[What is being asked]
The line containing "DURABLE CONSTRUCTION: These" marks the end; write out exactly every line from the start of the data up to and including it, without the pictures.

[Source material]
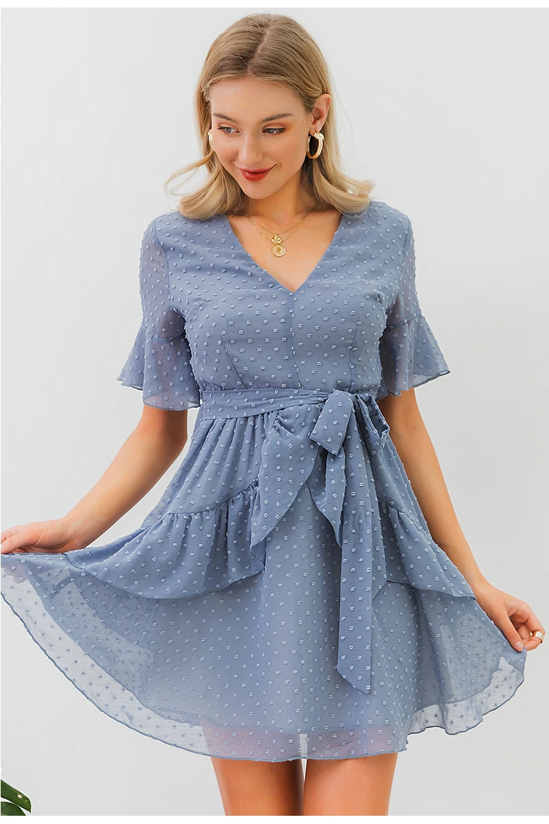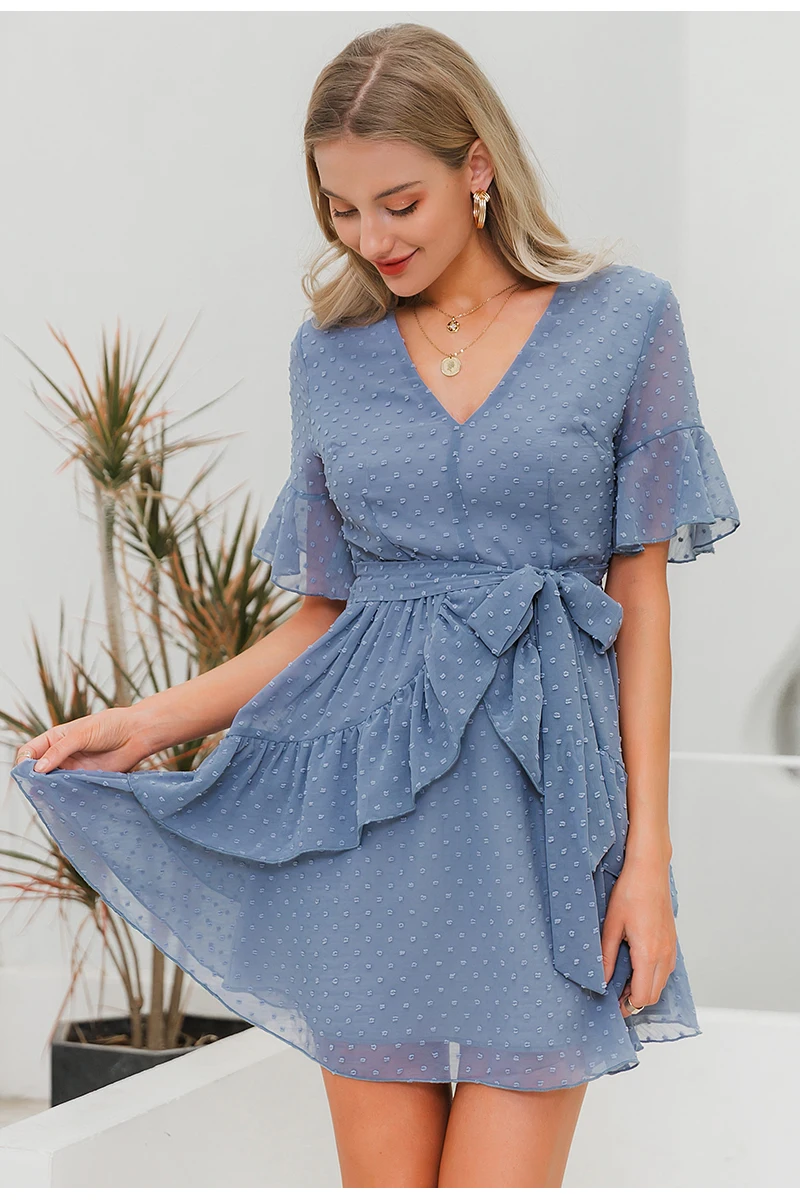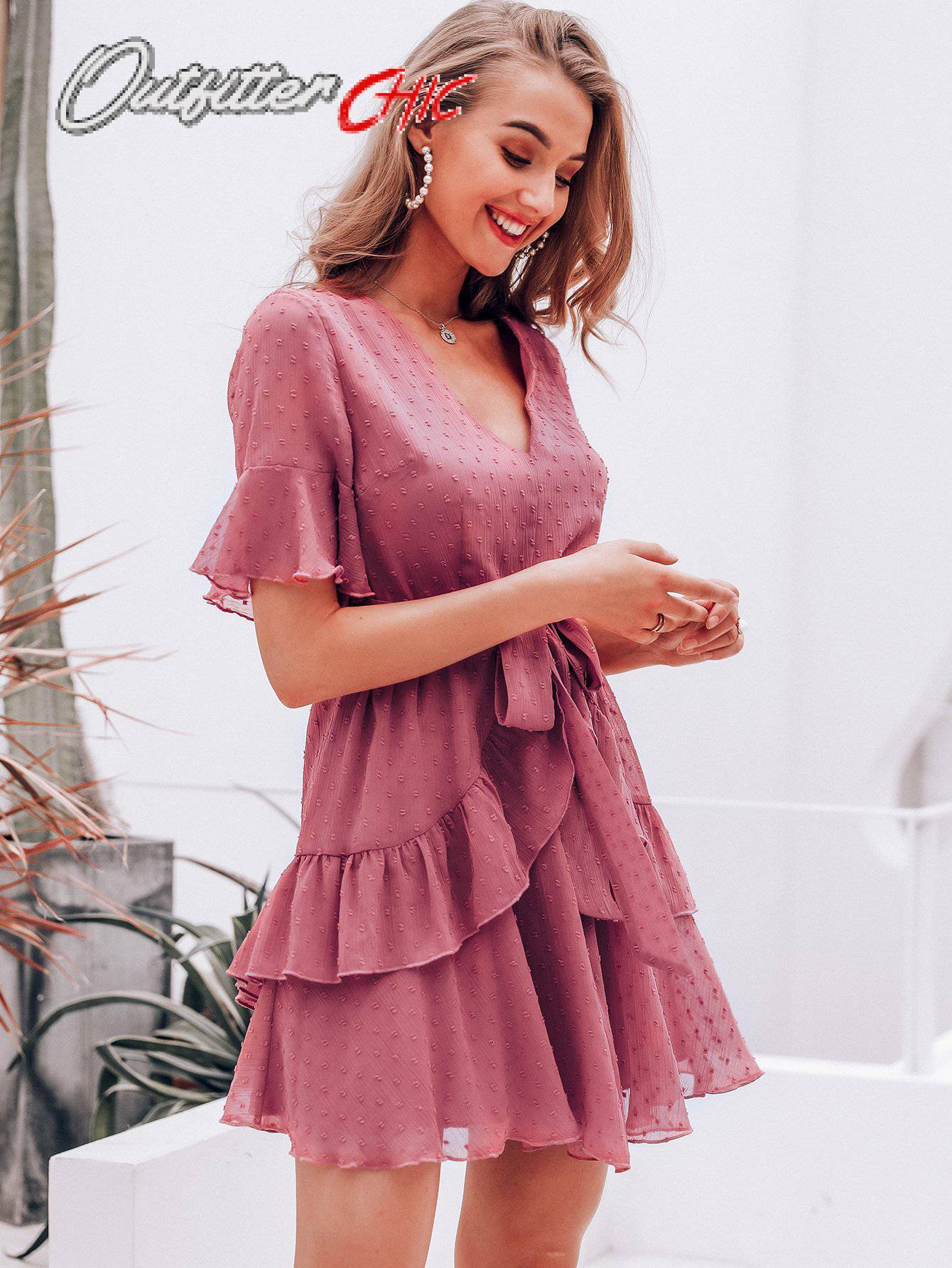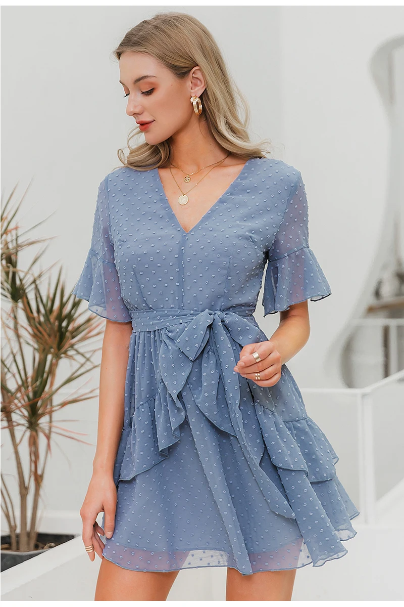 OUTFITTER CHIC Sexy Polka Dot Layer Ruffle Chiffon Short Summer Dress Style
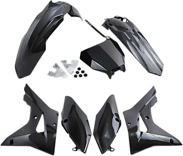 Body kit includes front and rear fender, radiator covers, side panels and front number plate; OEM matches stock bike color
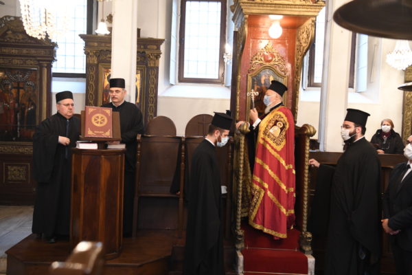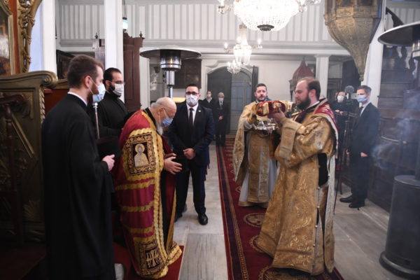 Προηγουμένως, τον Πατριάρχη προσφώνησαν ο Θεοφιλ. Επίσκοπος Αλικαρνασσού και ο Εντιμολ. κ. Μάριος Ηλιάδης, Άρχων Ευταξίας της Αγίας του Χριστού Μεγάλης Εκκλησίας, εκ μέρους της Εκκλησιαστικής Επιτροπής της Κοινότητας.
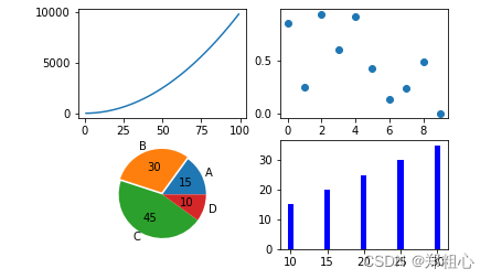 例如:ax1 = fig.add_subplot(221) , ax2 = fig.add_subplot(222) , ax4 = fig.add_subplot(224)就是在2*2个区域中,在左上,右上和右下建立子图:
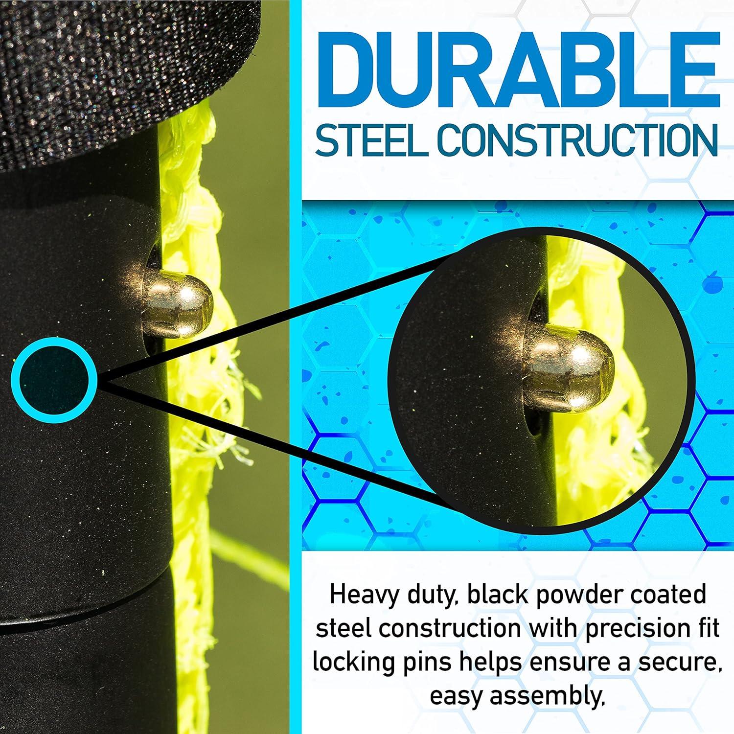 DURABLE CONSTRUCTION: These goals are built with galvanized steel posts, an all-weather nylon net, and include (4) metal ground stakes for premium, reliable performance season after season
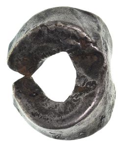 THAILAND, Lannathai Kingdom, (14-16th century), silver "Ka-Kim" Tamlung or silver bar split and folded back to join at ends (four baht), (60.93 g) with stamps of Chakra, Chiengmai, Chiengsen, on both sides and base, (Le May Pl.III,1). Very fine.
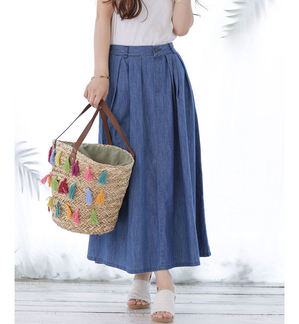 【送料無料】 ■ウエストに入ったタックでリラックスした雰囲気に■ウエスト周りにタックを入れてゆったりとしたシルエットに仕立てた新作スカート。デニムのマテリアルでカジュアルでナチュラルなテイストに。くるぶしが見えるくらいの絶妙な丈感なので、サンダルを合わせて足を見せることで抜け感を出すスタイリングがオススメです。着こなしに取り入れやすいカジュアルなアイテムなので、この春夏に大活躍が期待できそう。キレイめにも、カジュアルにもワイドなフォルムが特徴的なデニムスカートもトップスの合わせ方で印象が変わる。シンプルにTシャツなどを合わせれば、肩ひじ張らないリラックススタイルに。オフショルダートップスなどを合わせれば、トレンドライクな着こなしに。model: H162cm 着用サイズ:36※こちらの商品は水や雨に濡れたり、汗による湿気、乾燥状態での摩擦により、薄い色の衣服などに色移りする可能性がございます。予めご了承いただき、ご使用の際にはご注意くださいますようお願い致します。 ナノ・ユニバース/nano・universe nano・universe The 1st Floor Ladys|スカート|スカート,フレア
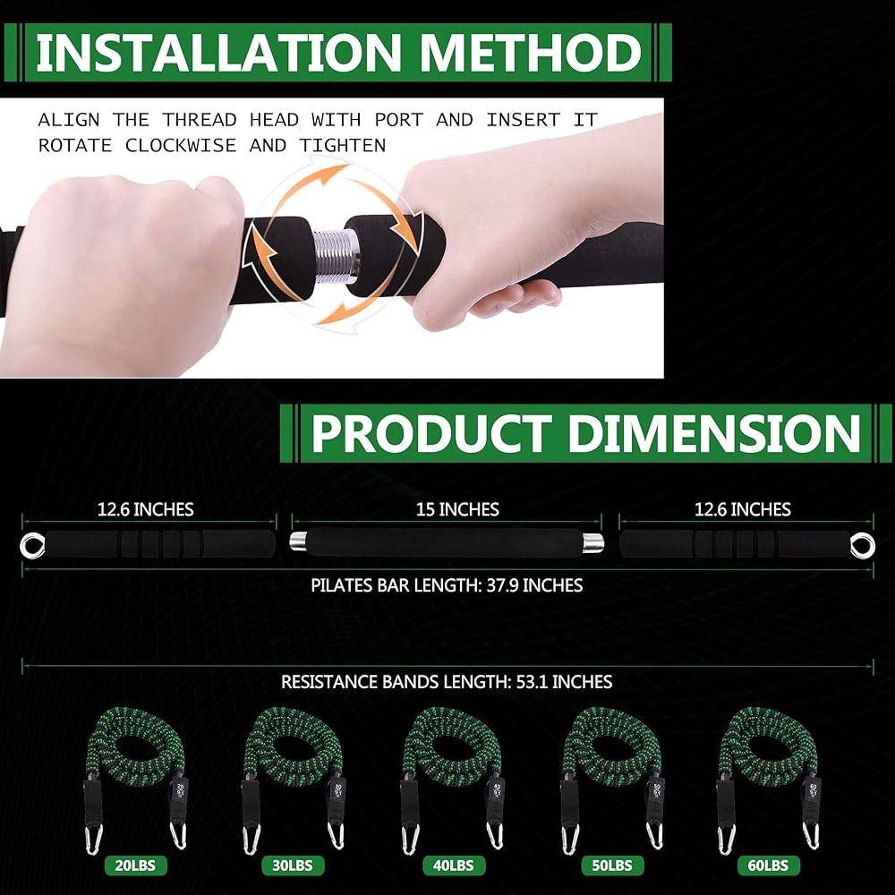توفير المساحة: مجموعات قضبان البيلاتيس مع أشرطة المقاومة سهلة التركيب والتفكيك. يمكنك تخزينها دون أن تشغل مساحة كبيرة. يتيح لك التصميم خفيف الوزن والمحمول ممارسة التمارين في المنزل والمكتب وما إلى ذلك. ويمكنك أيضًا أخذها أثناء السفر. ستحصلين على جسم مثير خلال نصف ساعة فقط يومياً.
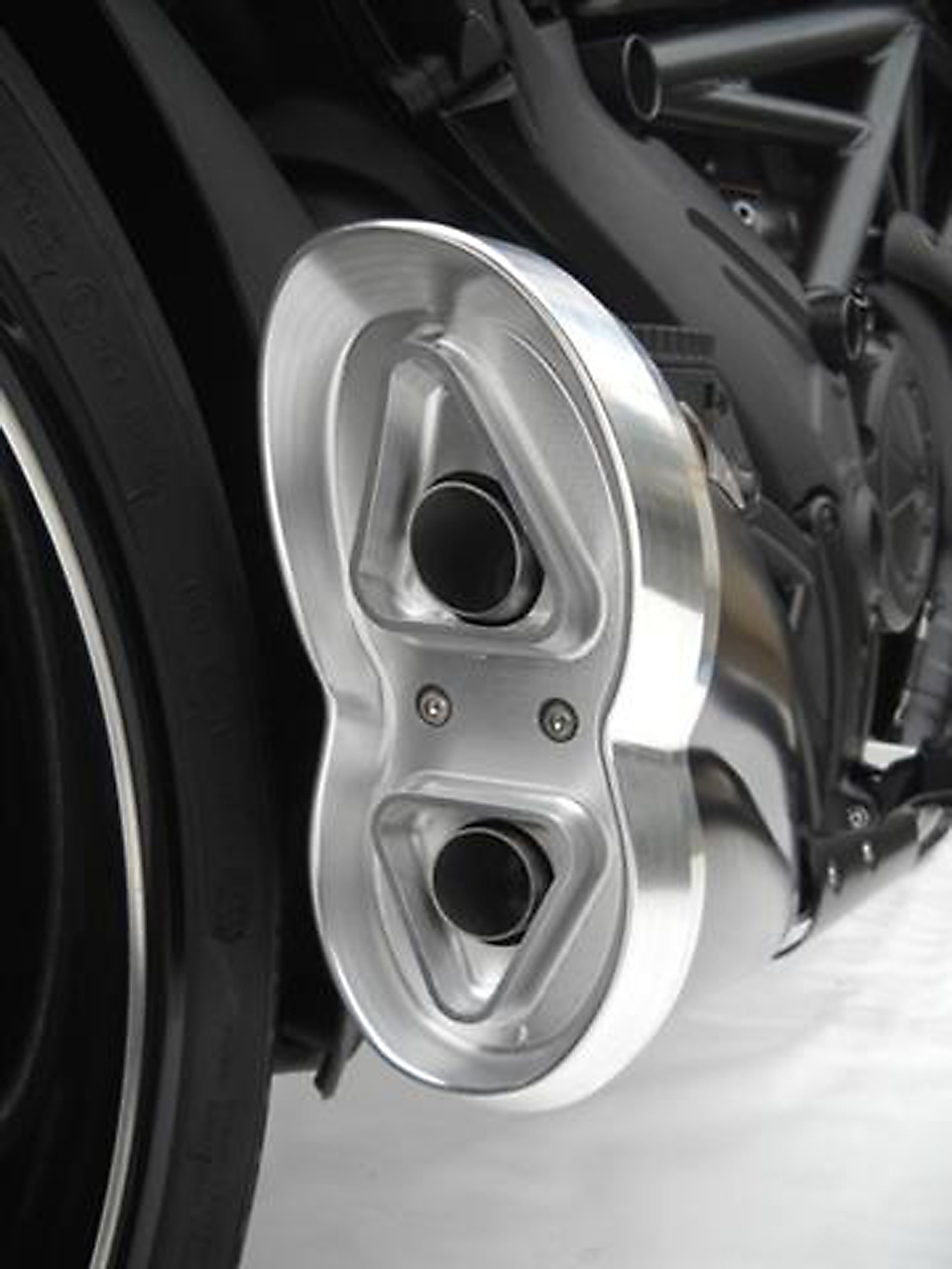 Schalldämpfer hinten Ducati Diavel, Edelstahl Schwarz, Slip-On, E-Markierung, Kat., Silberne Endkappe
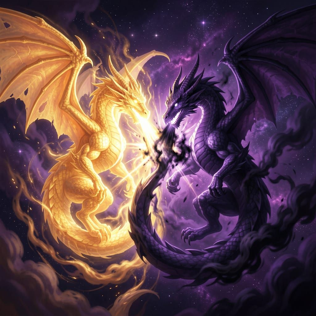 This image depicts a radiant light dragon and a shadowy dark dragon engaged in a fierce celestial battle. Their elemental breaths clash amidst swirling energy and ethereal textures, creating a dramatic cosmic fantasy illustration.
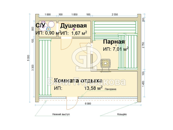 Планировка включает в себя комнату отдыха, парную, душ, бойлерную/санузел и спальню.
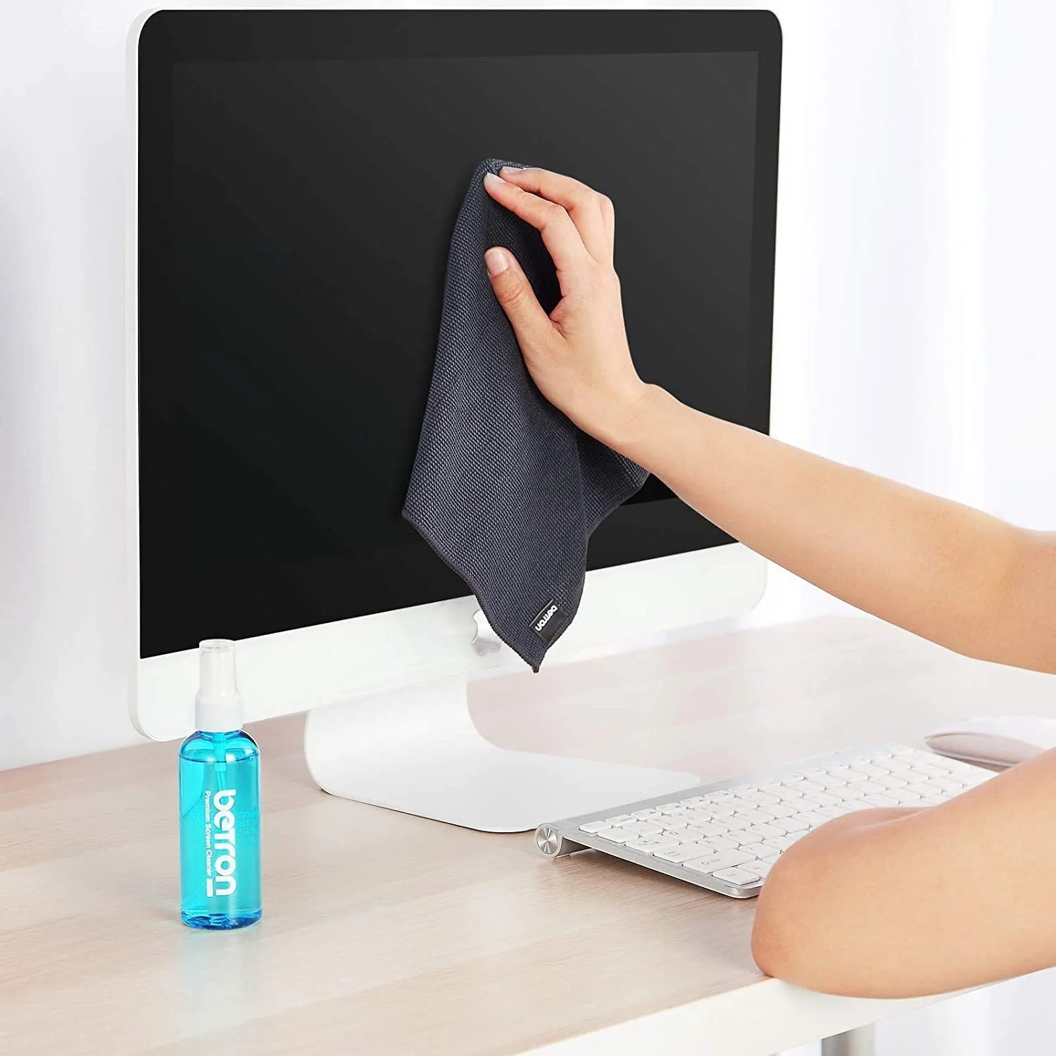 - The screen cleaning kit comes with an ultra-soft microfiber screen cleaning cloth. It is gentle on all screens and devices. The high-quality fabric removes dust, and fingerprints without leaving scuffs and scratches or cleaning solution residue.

[Exercise answer]
 OUTFITTER CHIC Sexy Polka Dot Layer Ruffle Chiffon Short Summer Dress Style
 Body kit includes front and rear fender, radiator covers, side panels and front number plate; OEM matches stock bike color
 Προηγουμένως, τον Πατριάρχη προσφώνησαν ο Θεοφιλ. Επίσκοπος Αλικαρνασσού και ο Εντιμολ. κ. Μάριος Ηλιάδης, Άρχων Ευταξίας της Αγίας του Χριστού Μεγάλης Εκκλησίας, εκ μέρους της Εκκλησιαστικής Επιτροπής της Κοινότητας.
 例如:ax1 = fig.add_subplot(221) , ax2 = fig.add_subplot(222) , ax4 = fig.add_subplot(224)就是在2*2个区域中,在左上,右上和右下建立子图:
 DURABLE CONSTRUCTION: These goals are built with galvanized steel posts, an all-weather nylon net, and include (4) metal ground stakes for premium, reliable performance season after season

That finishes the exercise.